'''
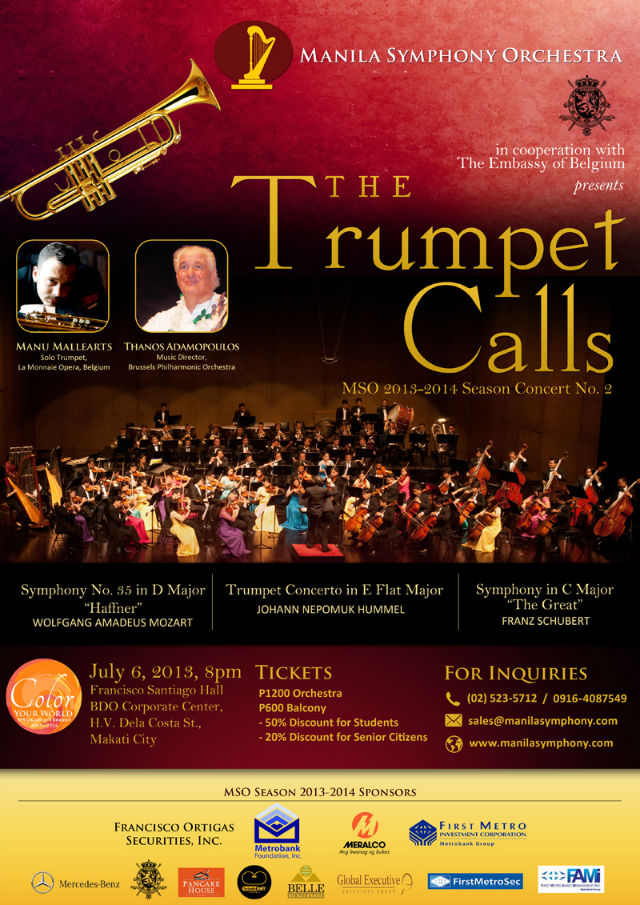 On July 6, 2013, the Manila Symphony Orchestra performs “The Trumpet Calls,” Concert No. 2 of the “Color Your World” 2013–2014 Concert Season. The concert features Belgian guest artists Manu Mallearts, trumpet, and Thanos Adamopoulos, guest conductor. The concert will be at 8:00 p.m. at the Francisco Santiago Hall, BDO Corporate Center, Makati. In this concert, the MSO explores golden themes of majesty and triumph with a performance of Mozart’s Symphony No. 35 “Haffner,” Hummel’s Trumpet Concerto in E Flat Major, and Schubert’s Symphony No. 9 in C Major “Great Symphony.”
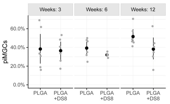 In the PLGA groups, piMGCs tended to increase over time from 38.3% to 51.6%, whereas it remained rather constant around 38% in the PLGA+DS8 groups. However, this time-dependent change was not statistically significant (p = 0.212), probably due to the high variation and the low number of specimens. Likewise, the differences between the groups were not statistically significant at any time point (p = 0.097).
'''
'''
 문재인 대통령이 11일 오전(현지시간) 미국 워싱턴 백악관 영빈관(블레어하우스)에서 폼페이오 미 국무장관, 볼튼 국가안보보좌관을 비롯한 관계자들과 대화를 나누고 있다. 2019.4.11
'''
▸ **What is expected**:
Look above for the line with "On July 6, 2013, the"; quote it and every line after it, stopping after the line with "In the PLGA groups, piMGCs", exactly, with nothing added and without pictures.

▸ **Solved problem**:
 On July 6, 2013, the Manila Symphony Orchestra performs “The Trumpet Calls,” Concert No. 2 of the “Color Your World” 2013–2014 Concert Season. The concert features Belgian guest artists Manu Mallearts, trumpet, and Thanos Adamopoulos, guest conductor. The concert will be at 8:00 p.m. at the Francisco Santiago Hall, BDO Corporate Center, Makati. In this concert, the MSO explores golden themes of majesty and triumph with a performance of Mozart’s Symphony No. 35 “Haffner,” Hummel’s Trumpet Concerto in E Flat Major, and Schubert’s Symphony No. 9 in C Major “Great Symphony.”
 In the PLGA groups, piMGCs tended to increase over time from 38.3% to 51.6%, whereas it remained rather constant around 38% in the PLGA+DS8 groups. However, this time-dependent change was not statistically significant (p = 0.212), probably due to the high variation and the low number of specimens. Likewise, the differences between the groups were not statistically significant at any time point (p = 0.097).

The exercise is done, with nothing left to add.